Elle vient compléter notre démocratie représentative (Assemblée Nationale, Sénat) par une dose de démocratie participative. En effet, 150 citoyens ont été tirés au sort qui sont représentatifs de la répartition par âge, formation, lieu d’habitation etc. de l’ensemble de la population française. Une France en petit. Bien sûr il y a un biais, dans la mesure où l’acceptation de participer à six week-ends au cours des mois à venir suppose d’être intéressé par la question à laquelle il va falloir répondre : comment réduire de 40% en 2030 les émissions de gaz à effet de serre de la France par rapport au niveau de 1990 en respectant la justice sociale ? Autre preuve de biais : quand on a demandé aux 150 personnes, qui se sont réunies pour la première fois le 4 octobre, si la question posée les intéressait, ou encore s’ils avaient cherché à s’informer sur le climat pour se préparer à ces week-ends, une grande majorité a manifesté que oui.

L’origine de cette réunion de 150 personnes tirées au sort est venue de personnes ou de groupes conscients de la gravité des défis à relever concernant l’environnement. E.Macron a accepté de lancer cette convention citoyenne pour le climat (CCC) et s’est engagé à ce que les propositions qu’elle ferait seraient soumises soit au vote du Parlement, soit à un referendum, soit traduites en mesures réglementaires.

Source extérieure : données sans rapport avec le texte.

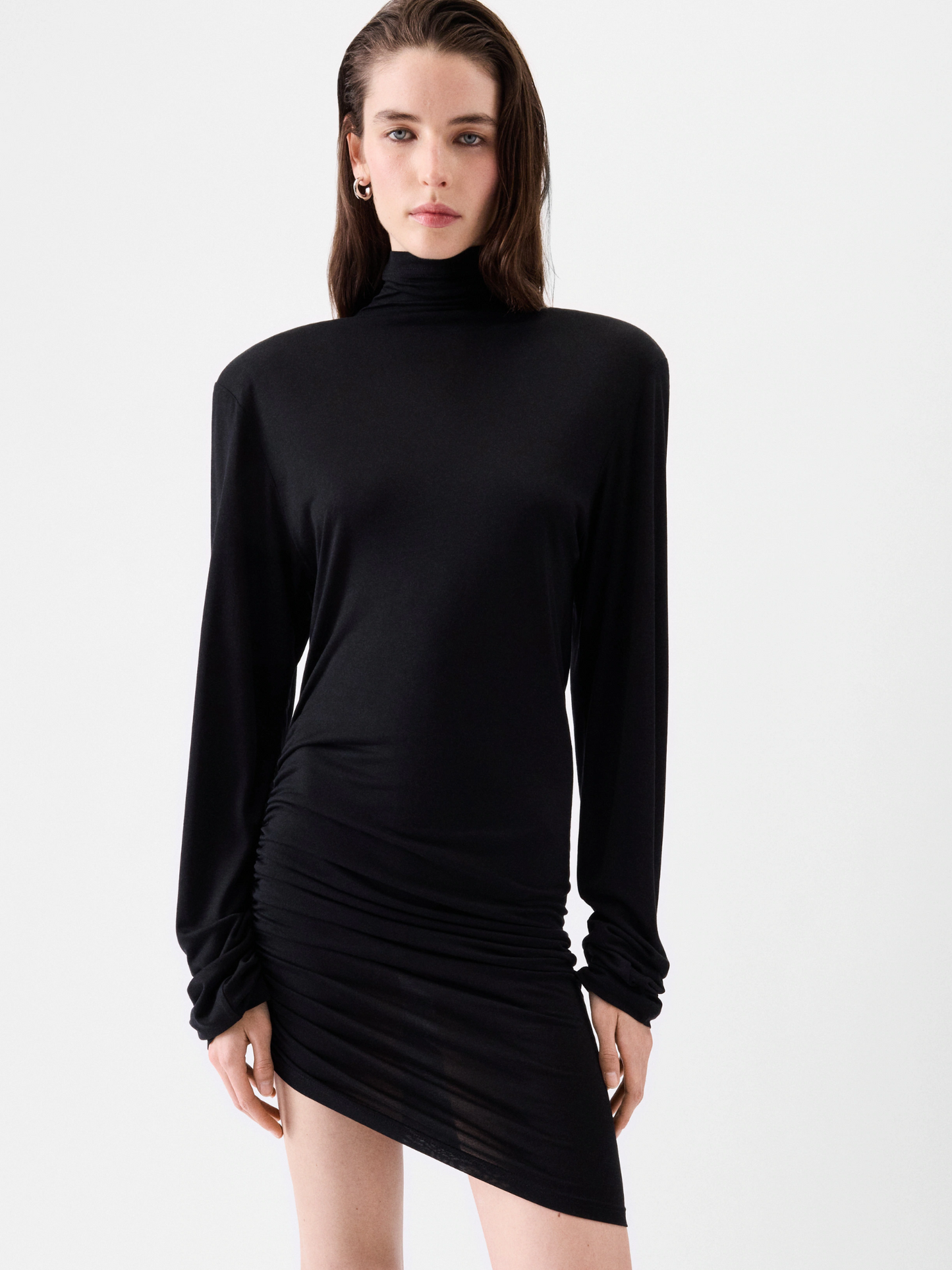 JACQUEMUS WOMEN The Spallina Draped Turtleneck Dress Black

L’organisation même de cette convention semble donner des garanties sur le sérieux du déroulement des débats et la possibilité d’aboutir à des propositions argumentées. La convention se réunit au Palais d’Iéna, siège du Conseil économique et social, 3ème assemblée de la République. Des personnes compétentes vont suivre tout au long les échanges pour en garder la trace. Au cours du premier week-end, des spécialistes sont déjà venus apporter les connaissances de base nécessaires pour alimenter les débats et aider plus tard à la formulation de propositions, qui seraient rédigées avec l’aide d’un groupe de juristes. Au cours du premier week-end, des experts du climat ont répondu aux questions posées par les participants qui souhaitaient avoir des compléments d’information. Si les participants considèrent que les informations qui leur sont données sont biaisées, ils pourront demander à avoir le point de vue d’autres spécialistes. Les séances plénières seront ouvertes à la presse et les participants sont encouragés à consulter leur environnement social entre les sessions. Loïc Blondiaux (professeur à Sciences Po qui travaille depuis 15 ans sur les enjeux de la démocratie participative) est l’un des trois membres du comité de gouvernance. Il disait à France Inter le 8 octobre qu’il s’agissait d’emmener toute la France derrière les membres de la convention.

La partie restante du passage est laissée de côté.